Entries shown Block Start

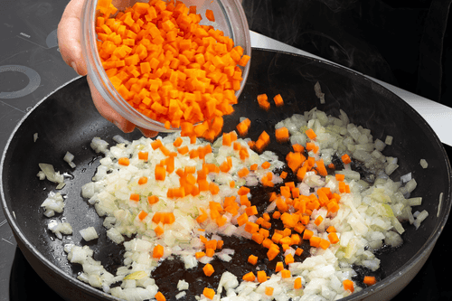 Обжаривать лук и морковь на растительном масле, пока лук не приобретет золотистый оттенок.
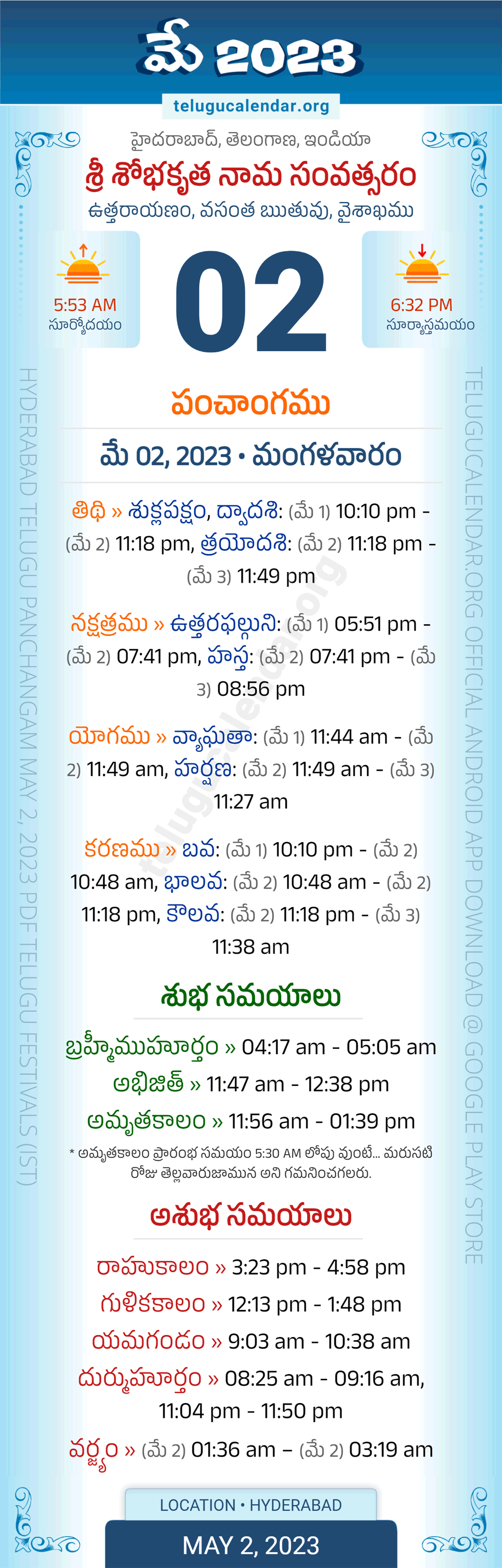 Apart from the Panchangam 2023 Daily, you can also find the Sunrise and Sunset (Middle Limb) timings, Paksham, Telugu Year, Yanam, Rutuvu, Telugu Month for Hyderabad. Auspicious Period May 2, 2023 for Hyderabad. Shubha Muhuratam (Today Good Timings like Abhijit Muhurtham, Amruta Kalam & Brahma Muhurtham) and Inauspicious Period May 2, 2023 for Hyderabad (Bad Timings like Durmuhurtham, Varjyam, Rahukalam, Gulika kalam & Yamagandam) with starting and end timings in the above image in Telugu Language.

Entries shown Block End
Entries shown Block Start

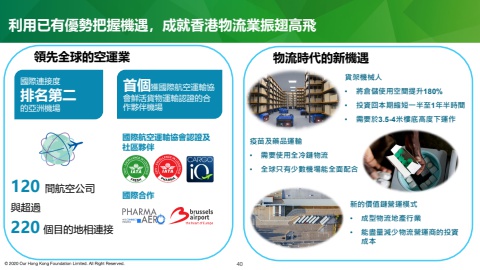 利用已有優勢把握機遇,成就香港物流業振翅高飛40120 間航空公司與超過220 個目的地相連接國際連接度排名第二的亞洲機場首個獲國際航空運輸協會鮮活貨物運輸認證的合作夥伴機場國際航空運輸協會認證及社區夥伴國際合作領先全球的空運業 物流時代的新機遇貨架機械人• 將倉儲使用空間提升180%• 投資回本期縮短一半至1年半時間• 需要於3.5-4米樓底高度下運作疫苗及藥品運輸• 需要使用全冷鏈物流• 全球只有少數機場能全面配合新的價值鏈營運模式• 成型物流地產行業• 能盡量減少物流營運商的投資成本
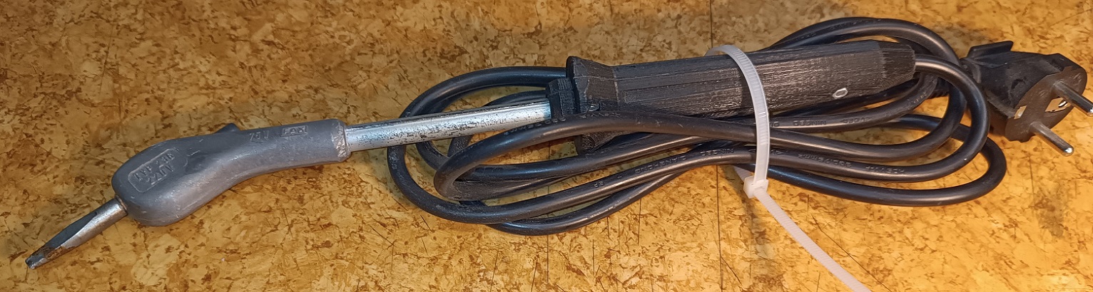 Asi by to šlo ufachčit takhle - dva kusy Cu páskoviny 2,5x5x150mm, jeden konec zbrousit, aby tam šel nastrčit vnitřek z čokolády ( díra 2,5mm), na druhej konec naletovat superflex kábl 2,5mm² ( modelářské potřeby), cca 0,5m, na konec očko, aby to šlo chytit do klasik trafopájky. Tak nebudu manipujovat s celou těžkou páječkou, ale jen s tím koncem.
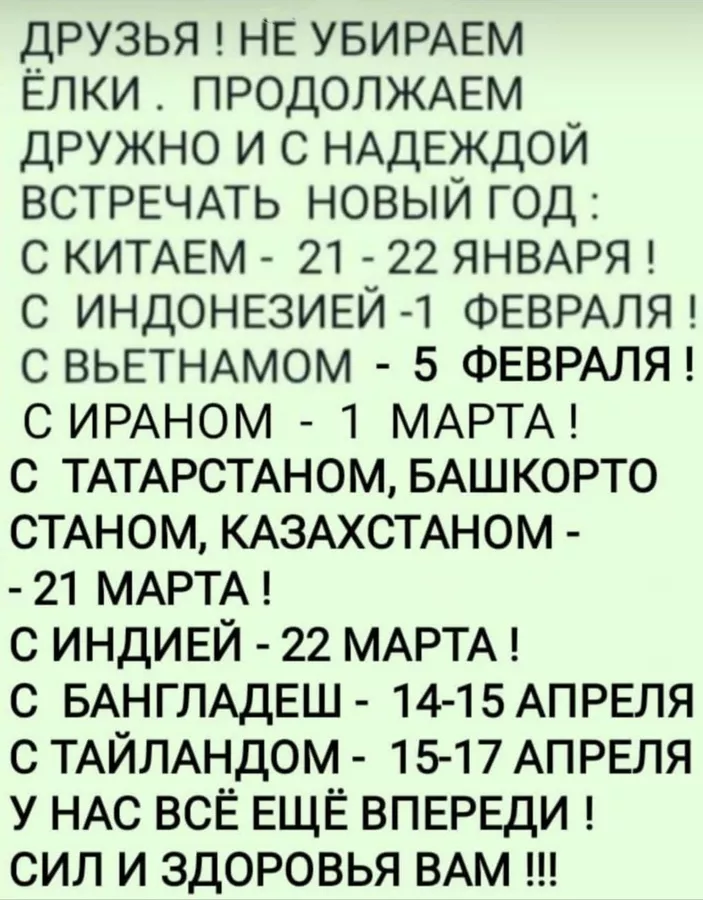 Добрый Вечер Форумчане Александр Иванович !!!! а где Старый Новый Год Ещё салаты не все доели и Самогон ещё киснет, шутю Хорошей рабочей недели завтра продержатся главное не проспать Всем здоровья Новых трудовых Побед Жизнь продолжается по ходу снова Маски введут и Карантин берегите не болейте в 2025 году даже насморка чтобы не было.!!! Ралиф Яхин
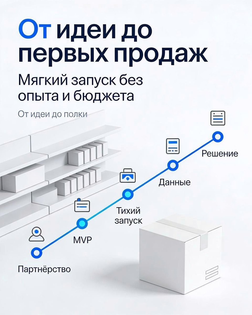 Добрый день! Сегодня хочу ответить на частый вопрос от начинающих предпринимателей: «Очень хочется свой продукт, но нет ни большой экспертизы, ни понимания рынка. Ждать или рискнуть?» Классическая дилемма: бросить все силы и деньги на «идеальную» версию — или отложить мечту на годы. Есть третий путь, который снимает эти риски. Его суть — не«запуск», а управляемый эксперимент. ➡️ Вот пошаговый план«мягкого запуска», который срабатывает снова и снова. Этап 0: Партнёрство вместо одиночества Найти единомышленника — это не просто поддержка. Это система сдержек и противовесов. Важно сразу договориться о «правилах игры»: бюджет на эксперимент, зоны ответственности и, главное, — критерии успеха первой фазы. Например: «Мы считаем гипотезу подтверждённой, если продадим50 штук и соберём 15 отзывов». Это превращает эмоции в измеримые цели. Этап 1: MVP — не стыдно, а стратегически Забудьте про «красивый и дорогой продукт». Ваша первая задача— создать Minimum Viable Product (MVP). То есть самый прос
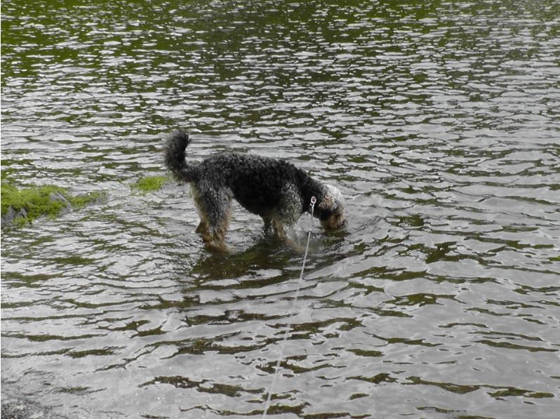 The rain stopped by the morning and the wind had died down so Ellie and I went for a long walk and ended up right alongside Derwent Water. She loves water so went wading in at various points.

Entries shown Block End

Among the entries above, copy exactly the stretch from the line holding "Добрый день! Сегодня" through the line holding "The rain stopped", leaving out any pictures.

Solution to this task =>
 Добрый день! Сегодня хочу ответить на частый вопрос от начинающих предпринимателей: «Очень хочется свой продукт, но нет ни большой экспертизы, ни понимания рынка. Ждать или рискнуть?» Классическая дилемма: бросить все силы и деньги на «идеальную» версию — или отложить мечту на годы. Есть третий путь, который снимает эти риски. Его суть — не«запуск», а управляемый эксперимент. ➡️ Вот пошаговый план«мягкого запуска», который срабатывает снова и снова. Этап 0: Партнёрство вместо одиночества Найти единомышленника — это не просто поддержка. Это система сдержек и противовесов. Важно сразу договориться о «правилах игры»: бюджет на эксперимент, зоны ответственности и, главное, — критерии успеха первой фазы. Например: «Мы считаем гипотезу подтверждённой, если продадим50 штук и соберём 15 отзывов». Это превращает эмоции в измеримые цели. Этап 1: MVP — не стыдно, а стратегически Забудьте про «красивый и дорогой продукт». Ваша первая задача— создать Minimum Viable Product (MVP). То есть самый прос
 The rain stopped by the morning and the wind had died down so Ellie and I went for a long walk and ended up right alongside Derwent Water. She loves water so went wading in at various points.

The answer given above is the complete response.